# Tested some latex today.



## Hoss (Jun 3, 2014)

I done some testing today with some bands.

Simple Shots black 0.8mm thick, tapered 23mm to 19mm x 10" active band length.

GZK green 0.72 thick, tapered 23mm to 19mm x 10" active band length.

The outdoor temperature was 59 degrees.

I used 3/8" and 7/16" steel and 44cal. Lead balls over the chronograph.

I shoot 8 of each balls with Simple Shots 0.8 and the same with the GZK 0.72

The final results, the GZK shot all 3 of the different ammo's on an average of 10 to 12 feet per second faster. 

Sent from my MAX_10 using Tapatalk


----------



## cromag (Jan 17, 2021)

Not sure what people see in the SSB , my experiences have been pretty dismal. However , it is excellent for tying other bands to the forks and in the durability department.


----------



## Brewmaster (Jul 8, 2021)

Hoss thanks for doing the research! Would you share the FPS data with us that you got please. It would also be good to know your draw length and elongation ratio for reference. Cheers, Steve


----------



## Hoss (Jun 3, 2014)

Brewmaster said:


> Hoss thanks for doing the research! Would you share the FPS data with us that you got please. It would also be good to know your draw length and elongation ratio for reference. Cheers, Steve


Draw length 50"
Elongation 500%
10" Active band length

Here's the top 4 shots of each size ammo, the other shots were just repeats.

3/8" Steel

SS black 0.08
245
246
247
251

GZK green 0.72
265
266
270
273

-----------------------------

7/16" Steel

SS black 0.08 
225
227
228
230

GZK green 0.72
241
242
245
257


-------------------------------

44Cal. Lead

SS black 0.08
216
218
220
221

GZK green 0.72
223
225
226
227

I'm not bashing SS latex, up until this year it was about all that I used, it's good stuff. But I noticed that the GZK latex seems to have a lot more elasticity.

I compared the GZK 0.72 to some SS 0.07 and the GZK seemed to be alot easier to draw to 50" draw length.
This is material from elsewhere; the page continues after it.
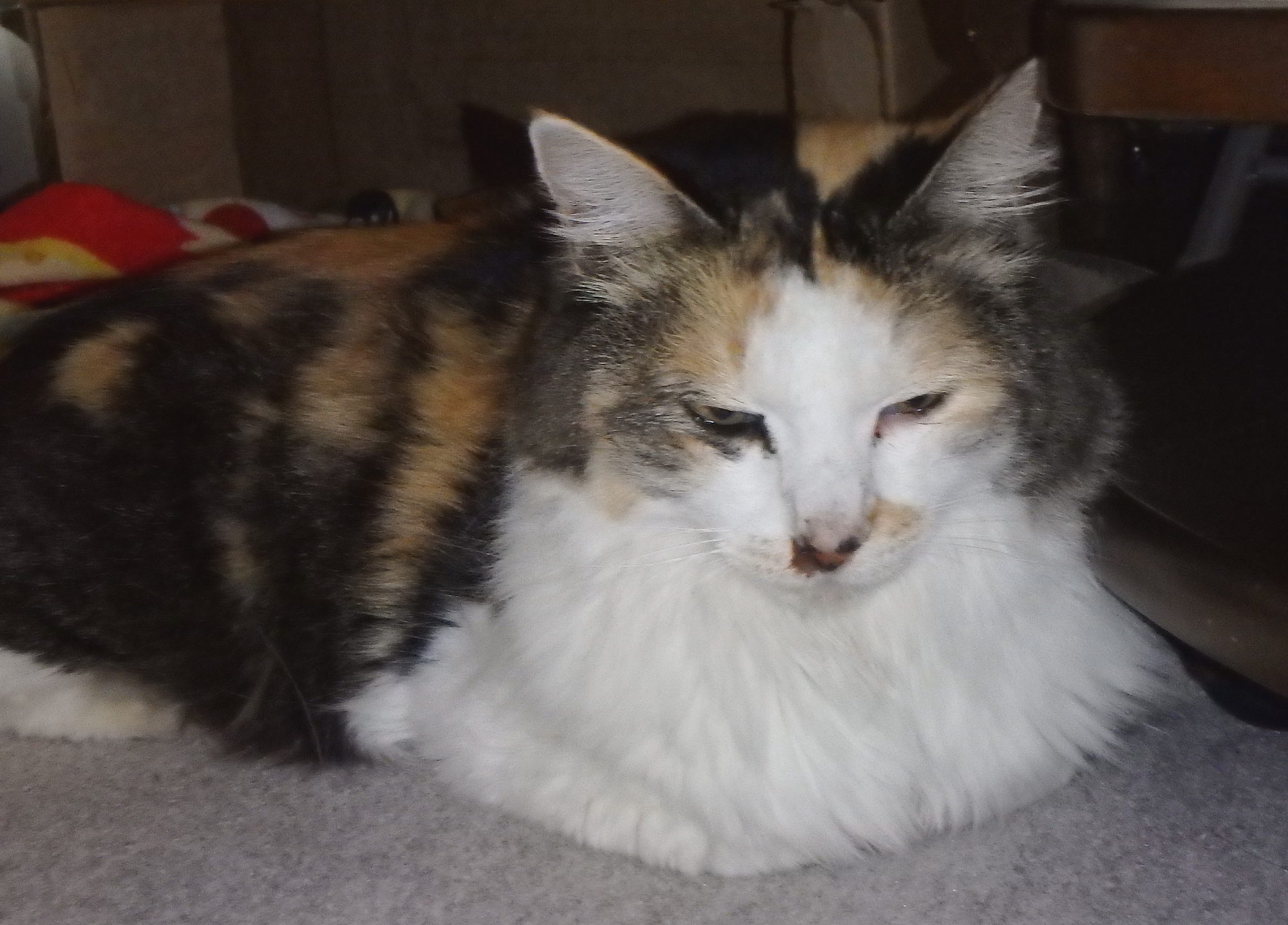 ミーは具合が悪く、動物病院にかかり、注射を打たれてどうにか持ち直しました。ぐったりしていて体も熱かったせいか、いつものこたつには入らず、納戸の板張りで丸くなってました。鼻も詰まっていたようで、私が固くなった鼻の周りの物をはがしたら、水を勢いよく飲みました。右目も涙目になってます。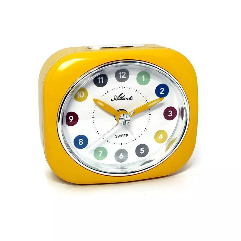Ø : 8 cm - Le petit réveil jaune avec chiffres pour enfants a une trotteuse rampante qui s'entend à peine. La fonction snooze est activée via la butée supérieure et fait retentir à nouveau l'alarme après environ 4 minutes. Lumière LED.

Sent from my MAX_10 using Tapatalk


----------



## AppalachianFlipShooter (May 9, 2020)

It's not surprising that the .72 was faster. Thinner latex retracts faster than thicker. Test the same thickness side by side and SS will win. I've tested SS latex against almost every anti cold latex made. GZK, Catty Shack, 100% Slingshot, Celtic Catty, Precise, etc., and in every test SS was either just as fast or faster than the others. 

Sent from my IN2025 using Tapatalk


----------



## Hoss (Jun 3, 2014)

AppalachianFlipShooter said:


> It's not surprising that the .72 was faster. Thinner latex retracts faster than thicker. Test the same thickness side by side and SS will win. I've tested SS latex against almost every anti cold latex made. GZK, Catty Shack, 100% Slingshot, Celtic Catty, Precise, etc., and in every test SS was either just as fast or faster than the others.
> 
> Sent from my IN2025 using Tapatalk


I'd say your correct, but the one thing that I do now is that when comparing the GZK and the SS in the same thickness the GZK is easier to draw. 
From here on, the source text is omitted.